If your child has a fever, treat it as you normally would, such as ensuring your child gets plenty of fluids and rest. Cool sponging will help relieve the fever and discomfort from the rash. You can give your child an acetaminophen-based pain reliever. However consult your doctor before giving any fever-reducing medicine for the first time.

And remember to keep your child at home while any rash is visible, as well as for a week after the rash subsides.

Prevention

In Singapore, two doses of the MMR vaccine are recommended for children. The MMR (measles, mumps, and rubella vaccine) is now given at 12 months and 15-18 months old w.e.f 1 Dec 2011.

At least three months before trying to become pregnant, a woman should have a blood test to see if the rubella antibodies are present; if not, she should be immunised or re-immunised.

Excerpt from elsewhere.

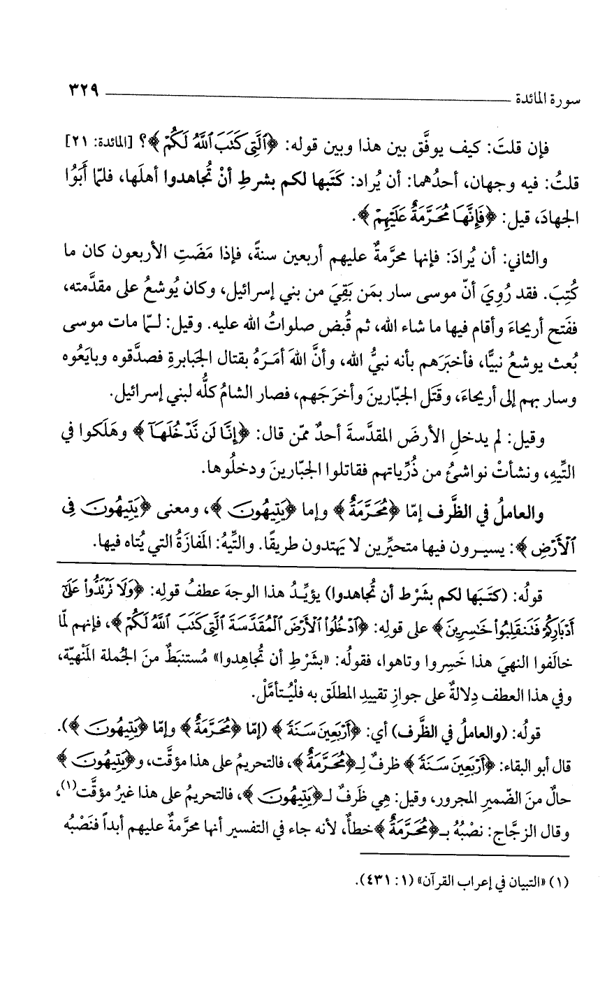 والثاني: أن يراد فإنها محرمةٌ عليهم أربعين سنةً، فإذا مضت الأربعون كان ما كتب. فقد روي أن موسى سار بمن بقي من بني إسرائيل، وكان يوشع على مقدمته، ففتح أريحاء وأقام فيها ما شاء اللَّه، ثم قبض صلوات اللَّه عليه. وقيل: لما مات موسى بعث يوشع نبياً، فأخبرهم بأنه نبيّ اللَّه، وأن اللَّه أمره بقتال الجبابرة، فصدقوه وبايعوه وسار بهم إلى أريحاء، وقتل الجبارين وأخرجهم، وصار الشام كله لبني إسرائيل.

The MMR vaccine is safe. There is no link between the MMR vaccine and autism. The article that was published in the Lancet many years ago by Dr Andrew Wakefield which resulted in the false belief that MMR is linked to Autism had been proven to be fraudulent and the article was retracted in full. Furthermore, Dr Andrew Wakefield had already been struck off from the General Medical Council Register of the United Kingdom for his involvement in the scam research.